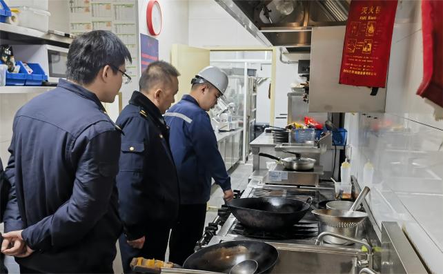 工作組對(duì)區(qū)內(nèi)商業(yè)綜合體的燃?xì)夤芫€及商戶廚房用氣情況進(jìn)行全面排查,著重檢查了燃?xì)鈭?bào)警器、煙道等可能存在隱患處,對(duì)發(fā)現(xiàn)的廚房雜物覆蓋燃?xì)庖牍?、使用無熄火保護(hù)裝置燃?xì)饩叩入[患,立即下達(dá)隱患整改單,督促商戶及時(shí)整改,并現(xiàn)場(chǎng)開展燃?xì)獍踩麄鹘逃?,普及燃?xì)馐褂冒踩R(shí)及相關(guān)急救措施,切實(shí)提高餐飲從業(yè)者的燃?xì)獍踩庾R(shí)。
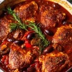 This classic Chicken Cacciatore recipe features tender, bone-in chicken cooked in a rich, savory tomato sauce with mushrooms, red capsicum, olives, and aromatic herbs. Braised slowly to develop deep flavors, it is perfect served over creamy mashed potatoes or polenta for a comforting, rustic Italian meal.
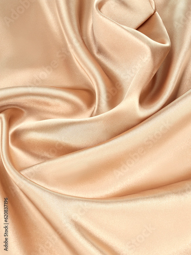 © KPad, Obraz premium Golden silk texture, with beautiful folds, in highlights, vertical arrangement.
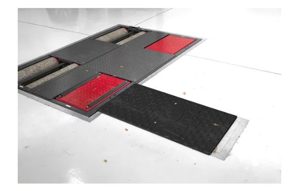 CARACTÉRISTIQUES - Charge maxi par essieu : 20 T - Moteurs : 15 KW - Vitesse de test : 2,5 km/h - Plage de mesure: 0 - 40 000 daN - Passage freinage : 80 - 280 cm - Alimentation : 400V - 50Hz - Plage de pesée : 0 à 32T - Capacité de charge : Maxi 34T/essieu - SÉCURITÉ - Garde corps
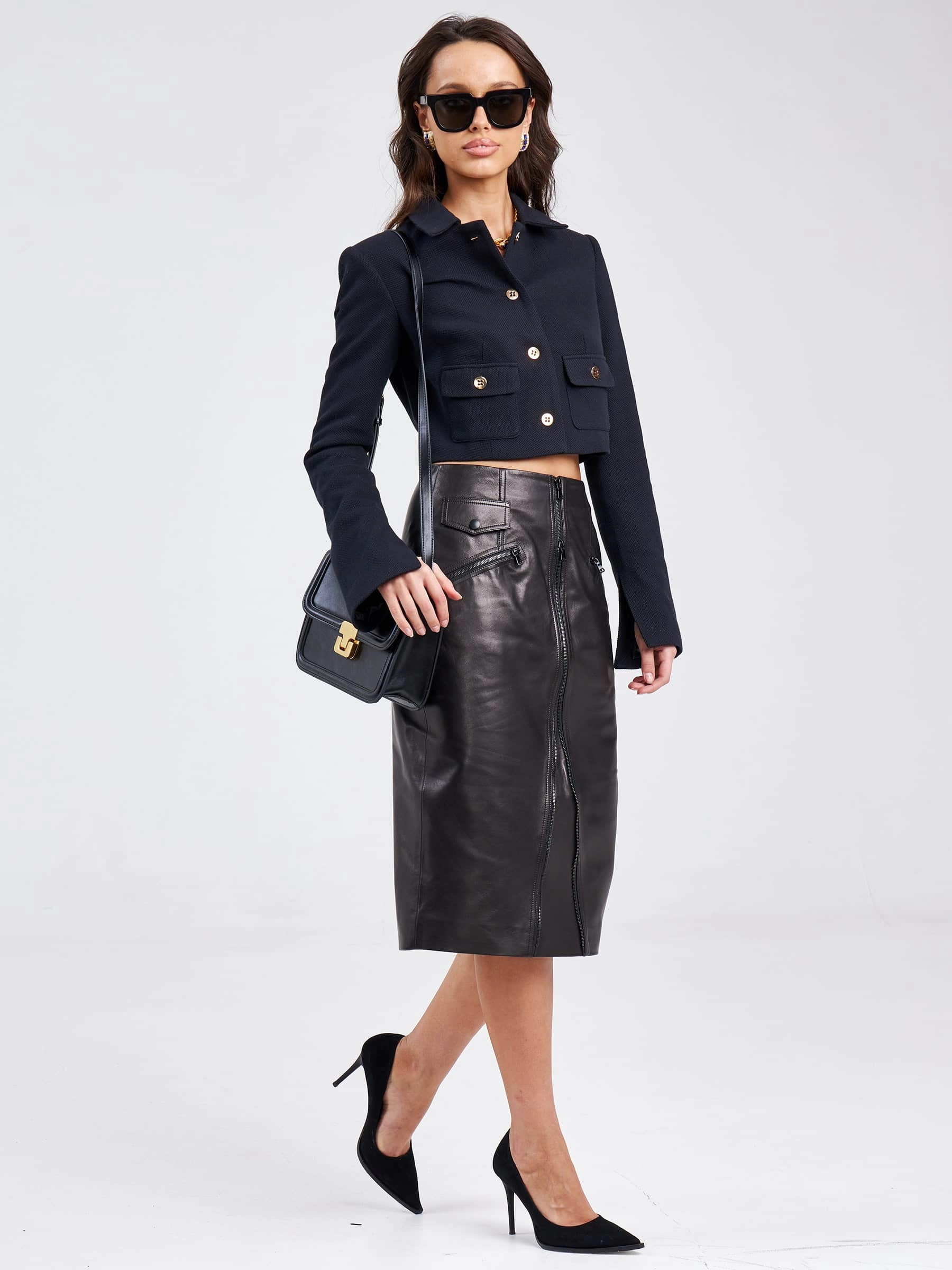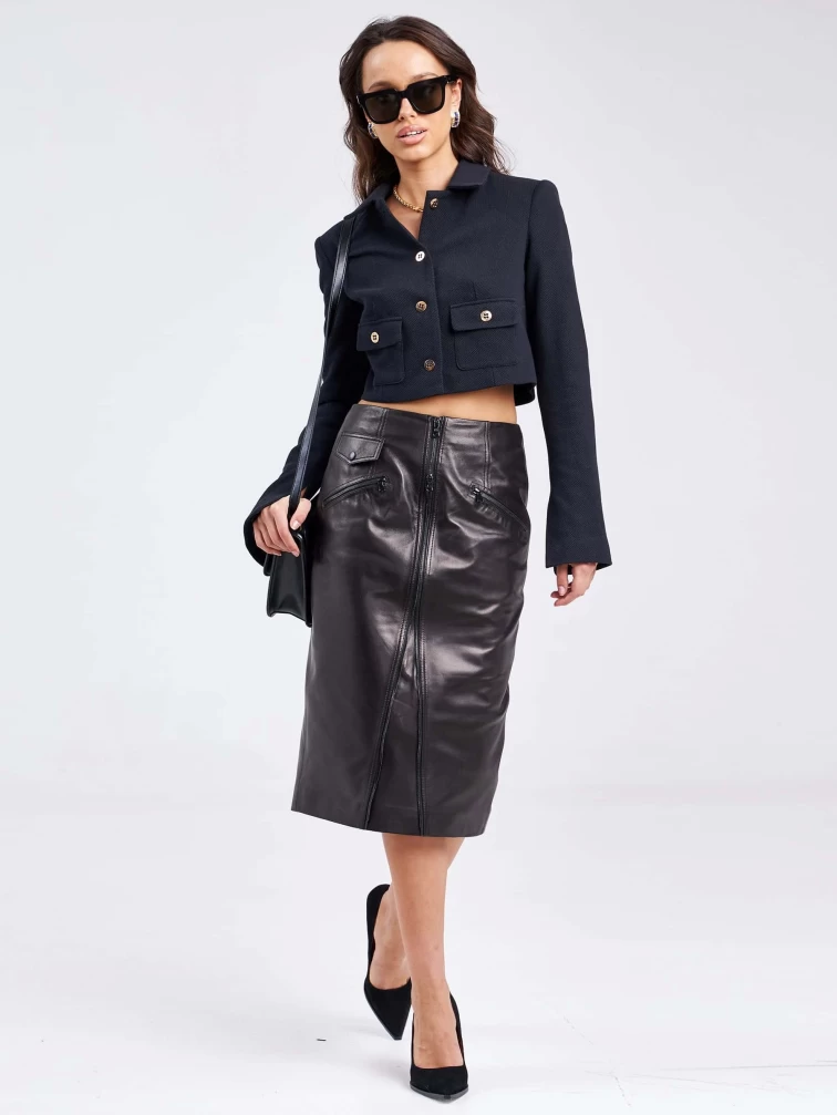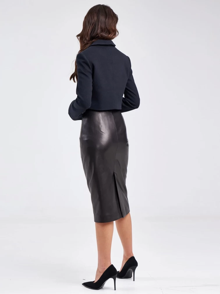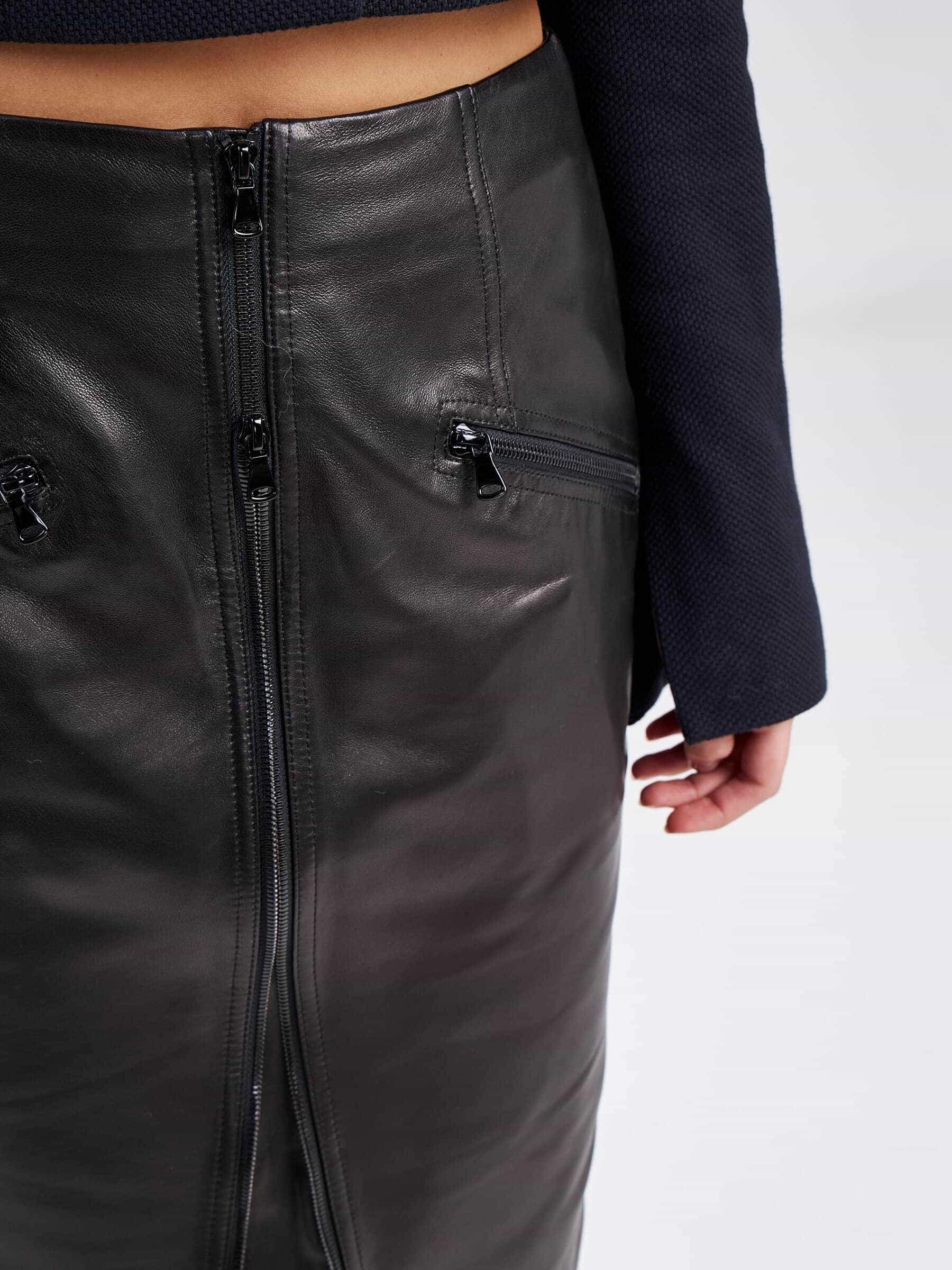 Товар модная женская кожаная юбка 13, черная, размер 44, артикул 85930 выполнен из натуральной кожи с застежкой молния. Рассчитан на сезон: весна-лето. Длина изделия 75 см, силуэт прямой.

# # # # #

GOAL OF THE EXERCISE:
When you reach the line with "This classic Chicken" in the records above, start writing out each line exactly, and stop after the line with "highlights, vertical arrangement.". Pictures stay out.

RESULT FOR THIS EXERCISE:
 This classic Chicken Cacciatore recipe features tender, bone-in chicken cooked in a rich, savory tomato sauce with mushrooms, red capsicum, olives, and aromatic herbs. Braised slowly to develop deep flavors, it is perfect served over creamy mashed potatoes or polenta for a comforting, rustic Italian meal.
 © KPad, Obraz premium Golden silk texture, with beautiful folds, in highlights, vertical arrangement.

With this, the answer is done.